GIVEN DATA section start
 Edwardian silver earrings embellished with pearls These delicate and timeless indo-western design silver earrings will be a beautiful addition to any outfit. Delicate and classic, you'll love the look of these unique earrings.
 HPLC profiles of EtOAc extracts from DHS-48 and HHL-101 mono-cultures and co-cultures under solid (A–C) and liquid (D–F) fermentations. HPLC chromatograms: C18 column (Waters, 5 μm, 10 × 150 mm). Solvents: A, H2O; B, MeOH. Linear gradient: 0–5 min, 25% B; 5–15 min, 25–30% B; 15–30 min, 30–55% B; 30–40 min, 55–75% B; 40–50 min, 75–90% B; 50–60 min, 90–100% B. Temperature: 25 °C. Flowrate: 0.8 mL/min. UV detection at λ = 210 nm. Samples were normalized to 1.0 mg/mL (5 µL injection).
GIVEN DATA section end
GIVEN DATA section start
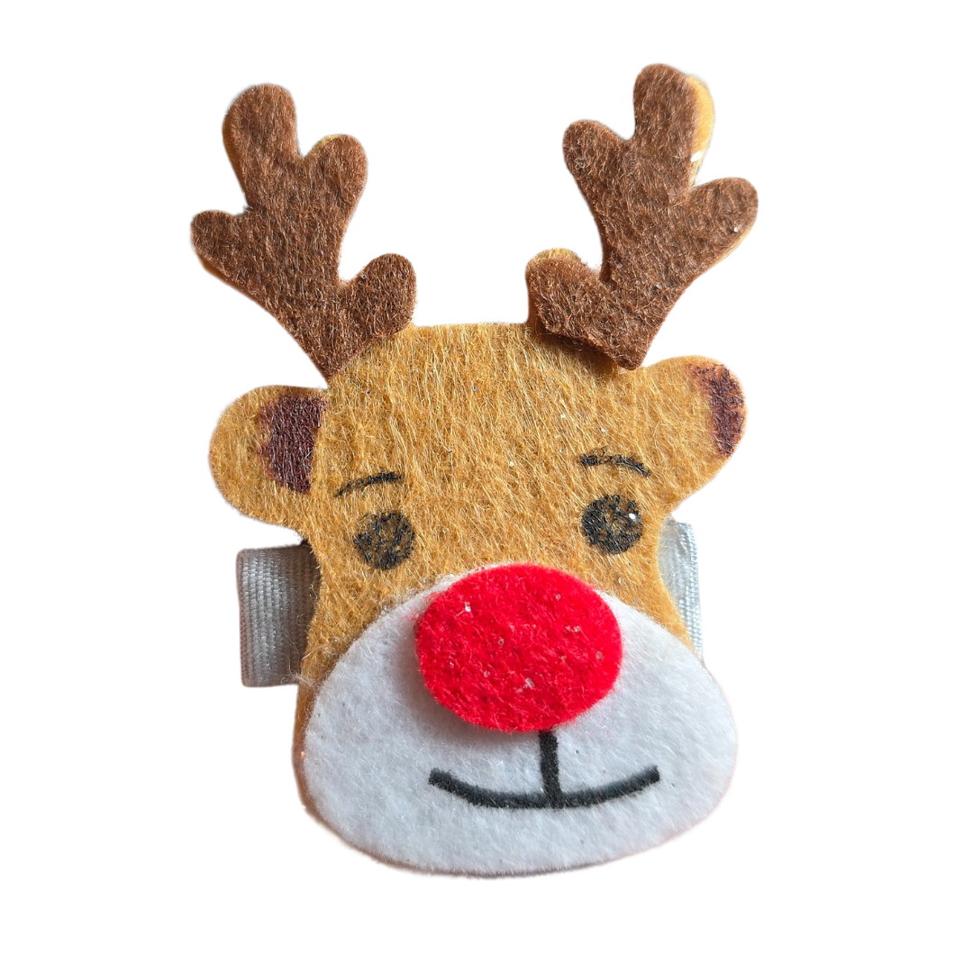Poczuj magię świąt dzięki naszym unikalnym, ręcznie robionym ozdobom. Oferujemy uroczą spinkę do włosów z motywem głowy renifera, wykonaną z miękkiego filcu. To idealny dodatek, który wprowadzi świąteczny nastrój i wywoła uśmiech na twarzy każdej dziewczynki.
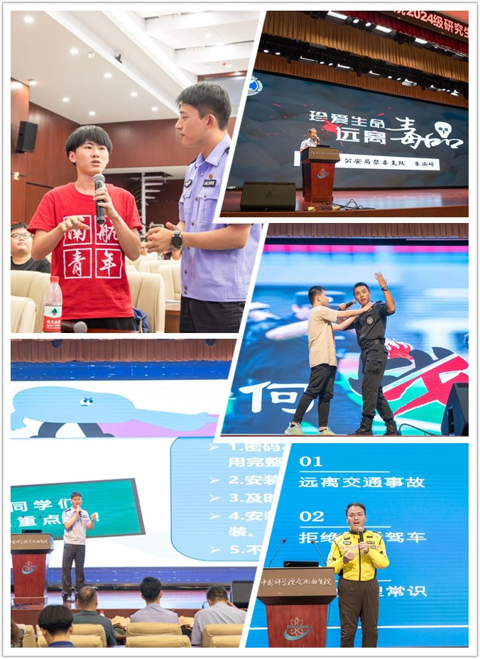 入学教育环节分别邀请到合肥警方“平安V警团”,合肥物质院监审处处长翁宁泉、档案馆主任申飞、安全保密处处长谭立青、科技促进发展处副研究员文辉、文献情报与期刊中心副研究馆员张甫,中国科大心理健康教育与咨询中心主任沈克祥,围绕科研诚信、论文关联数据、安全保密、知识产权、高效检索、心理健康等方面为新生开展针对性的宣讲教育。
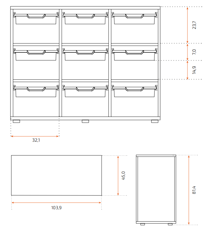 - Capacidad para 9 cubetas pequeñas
GIVEN DATA section end
TASK REQUIREMENTS: Could you return exactly the stretch of the data above that starts at the line with "Edwardian silver earrings" and ends at the line with "HPLC profiles of", both lines included?

ANSWER SECTION:
 Edwardian silver earrings embellished with pearls These delicate and timeless indo-western design silver earrings will be a beautiful addition to any outfit. Delicate and classic, you'll love the look of these unique earrings.
 HPLC profiles of EtOAc extracts from DHS-48 and HHL-101 mono-cultures and co-cultures under solid (A–C) and liquid (D–F) fermentations. HPLC chromatograms: C18 column (Waters, 5 μm, 10 × 150 mm). Solvents: A, H2O; B, MeOH. Linear gradient: 0–5 min, 25% B; 5–15 min, 25–30% B; 15–30 min, 30–55% B; 30–40 min, 55–75% B; 40–50 min, 75–90% B; 50–60 min, 90–100% B. Temperature: 25 °C. Flowrate: 0.8 mL/min. UV detection at λ = 210 nm. Samples were normalized to 1.0 mg/mL (5 µL injection).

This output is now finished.